That's about as smart as the Sunny Side up or whatever it's called going in next door to the other 500 breakfast places around 19th

Old Chicago would have done much better....Probably be in there within a year anyway when Poblano realizes they made a stupid move

----------


## kbsooner

> AAAAAAAAIIIIIEEEEEEE
> 
> not another Mexican RESTAURANT


^^^ This ^^^

----------


## hagrid

> AAAAAAAAIIIIIEEEEEEE
> 
> not another Mexican RESTAURANT


LOL.  SoonerDave, you crack me up.  Now, I am waiting for someone to say, "there are no REAL mexican restaurants in OKC, only tex-mex."  

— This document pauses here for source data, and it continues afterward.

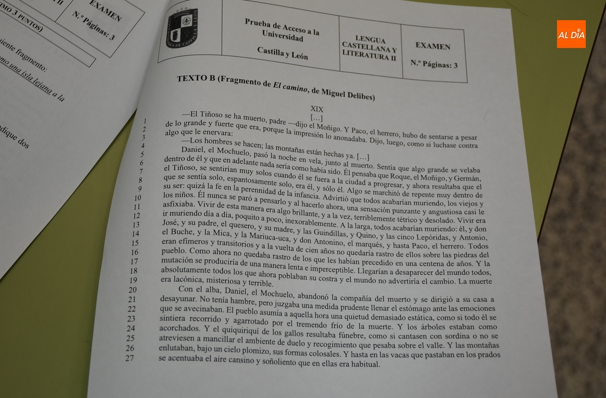 Por último, en el apartado de Comentario Literario del Texto, los alumnos tuvieron dos opciones: el poema El Hospicio de Campos de Castilla, de Antonio Machado; y un fragmento de El Camino de Miguel Delibes; debiendo señalar de la opción escogida el argumento, los temas y la estructura. A partir de ahí, tuvieron que comentar las características formales, relacionándolas con el autor y el movimiento literario en el que se inscribe.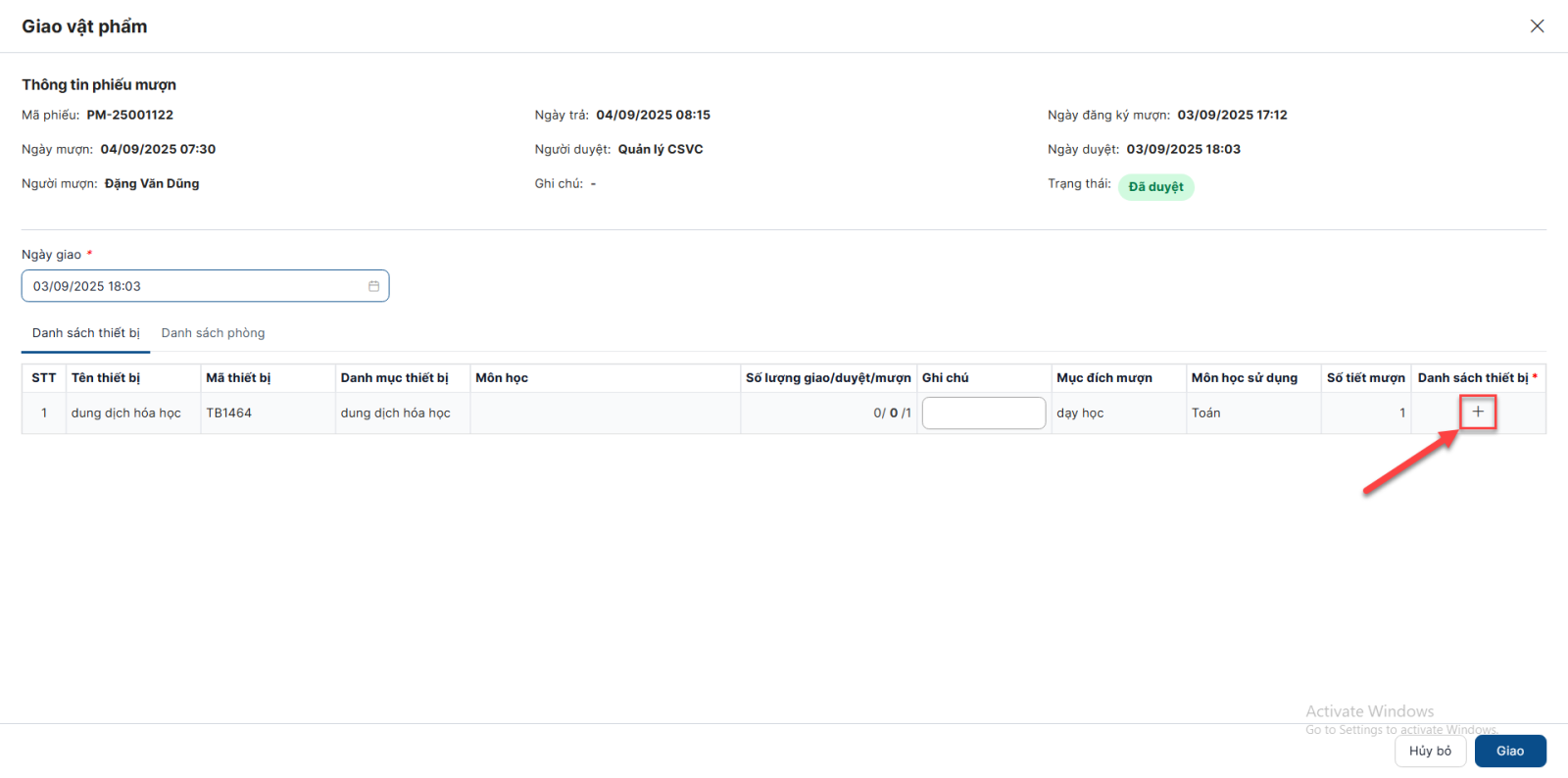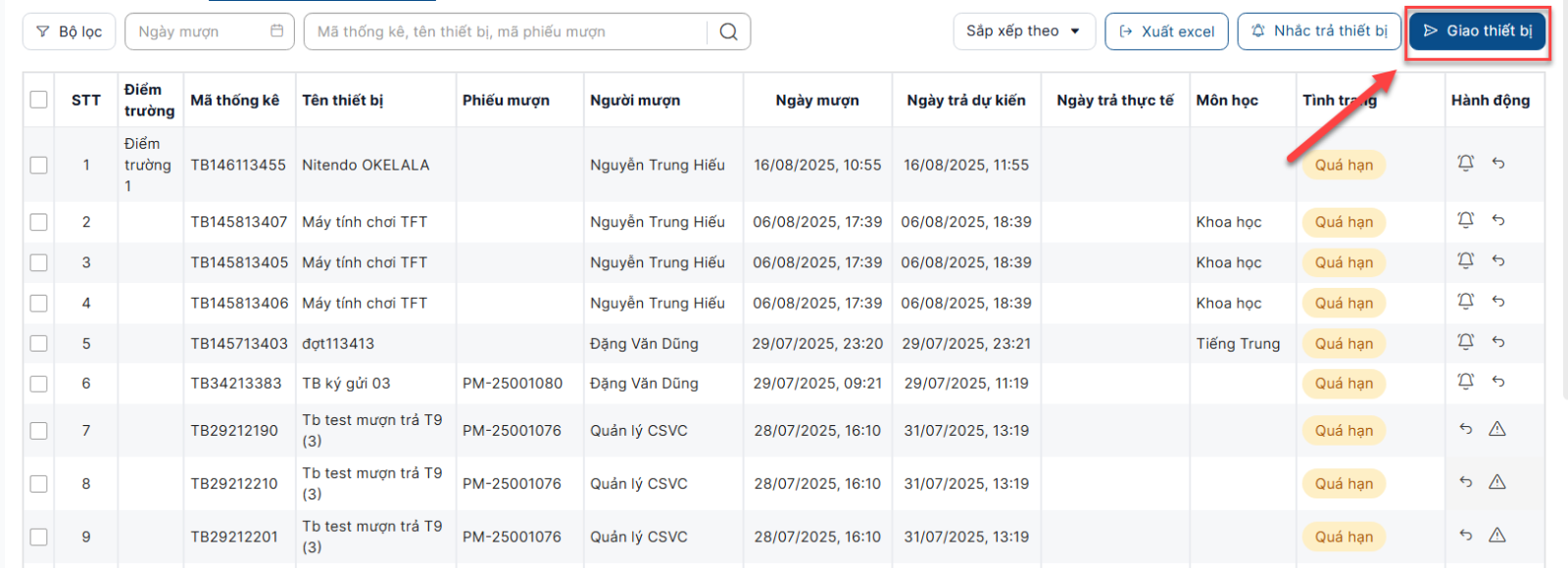 - Click button Giao thiết bị để thực hiện giao nhanh thiết bị cho người mượn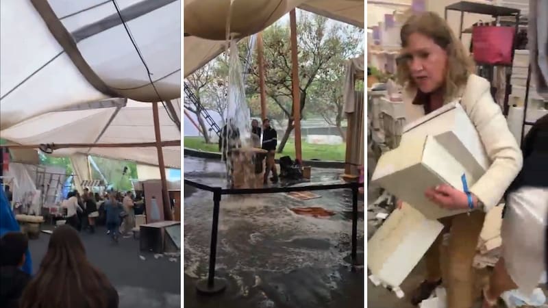 Pero tal como recogieron diversas imágenes publicadas en redes sociales, la carpa simplemente colapsó, obligando a los participantes de la feria a salir rápidamente para no quedar empapados, pero también tratando de cuidar sus productos de una inminente inundación.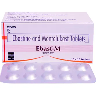 Ebast-M Tablet is used to treat allergic conditions, such as allergic rhinitis (sneezing, runny nose, and itching) and chronic urticaria (hives and itching). This combination medicine contains Ebastine and Montelukast, which work together to provide more effective relief from allergy symptoms, including nasal congestion, sneezing, and itching.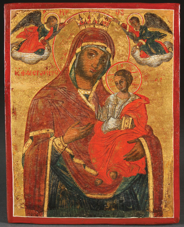 A NORTHERN GREEK ICON OF THE MOTHER OF GOD, AROUND 1800. Colorfully painted on a gilt ground. 11 inches x 8.5 inches (28 x 21.5 cm).

I had a typo and called it tex-mess.

----------


## craigbanks

I drove by there today and noticed a sign out front that said it would be a Poblano Grill which is mexican. When we lived in Edmond we used to frequent the Polano's there and the food was excellent. So I think this will be a nice addition to Moore. Matter of fact we would still drive all the way to Edmond to eat there, so it will save alot on gas yeah!

----------


## craigbanks

Sorry Wichita Sooner i see you already posted that info, my bad. But I might add they are much better than Alfredo's and Ricky's they have some papa tejanos and sophipias with a sugary icing that are to die for.

----------


## TheTravellers

The one on May/NW 56th-ish has been closed for a long time, but now there are dumpsters and a small front-loader and other pieces of heavy equipment there, didn't see a sign, but something must be happening...

----------


## SoonerQueen

> The one on May/NW 56th-ish has been closed for a long time, but now there are dumpsters and a small front-loader and other pieces of heavy equipment there, didn't see a sign, but something must be happening...


Russell Stovers is at the Outlet Mall now.

----------


## TheTravellers

> Russell Stovers is at the Outlet Mall now.


I'm just wondering what's going in at their old location on N May.  Didn't realize this thread was in the Moore sub-forum, mods may want to start a new one in the general retail forum for the N May location.

----------